## Material provided:
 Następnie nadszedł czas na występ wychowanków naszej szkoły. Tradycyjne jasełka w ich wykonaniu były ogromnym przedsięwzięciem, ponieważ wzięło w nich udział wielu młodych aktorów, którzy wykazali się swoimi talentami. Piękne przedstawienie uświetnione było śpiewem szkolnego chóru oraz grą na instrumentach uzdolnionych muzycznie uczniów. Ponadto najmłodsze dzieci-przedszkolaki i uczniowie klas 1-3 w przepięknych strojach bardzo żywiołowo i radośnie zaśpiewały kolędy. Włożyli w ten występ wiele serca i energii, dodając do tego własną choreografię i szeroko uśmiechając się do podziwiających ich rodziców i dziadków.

...

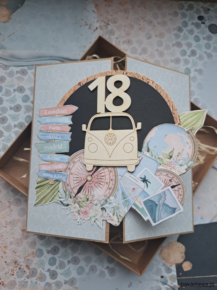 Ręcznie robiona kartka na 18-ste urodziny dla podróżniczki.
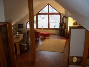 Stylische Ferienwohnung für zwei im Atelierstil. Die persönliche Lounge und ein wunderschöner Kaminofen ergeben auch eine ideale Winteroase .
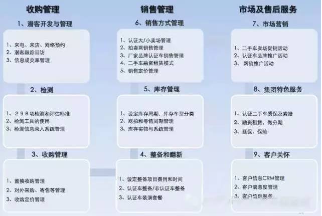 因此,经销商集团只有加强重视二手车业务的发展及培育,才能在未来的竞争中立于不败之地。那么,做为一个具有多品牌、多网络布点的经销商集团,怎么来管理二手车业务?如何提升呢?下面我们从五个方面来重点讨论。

---

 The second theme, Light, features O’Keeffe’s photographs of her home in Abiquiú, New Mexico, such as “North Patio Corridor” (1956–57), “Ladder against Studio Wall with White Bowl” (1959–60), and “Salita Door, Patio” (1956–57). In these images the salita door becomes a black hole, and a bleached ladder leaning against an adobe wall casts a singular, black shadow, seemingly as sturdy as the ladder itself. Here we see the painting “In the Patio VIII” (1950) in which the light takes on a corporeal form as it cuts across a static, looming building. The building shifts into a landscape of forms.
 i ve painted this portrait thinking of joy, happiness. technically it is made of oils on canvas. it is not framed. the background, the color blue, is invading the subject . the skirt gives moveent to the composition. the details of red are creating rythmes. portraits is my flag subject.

## What to do:
Set the pictures aside and transcribe exactly the stretch of lines above, beginning with the one holding "Stylische Ferienwohnung für" and ending with the one holding "因此,经销商集团只有加强重视".

## Your solution:
 Stylische Ferienwohnung für zwei im Atelierstil. Die persönliche Lounge und ein wunderschöner Kaminofen ergeben auch eine ideale Winteroase .
 因此,经销商集团只有加强重视二手车业务的发展及培育,才能在未来的竞争中立于不败之地。那么,做为一个具有多品牌、多网络布点的经销商集团,怎么来管理二手车业务?如何提升呢?下面我们从五个方面来重点讨论。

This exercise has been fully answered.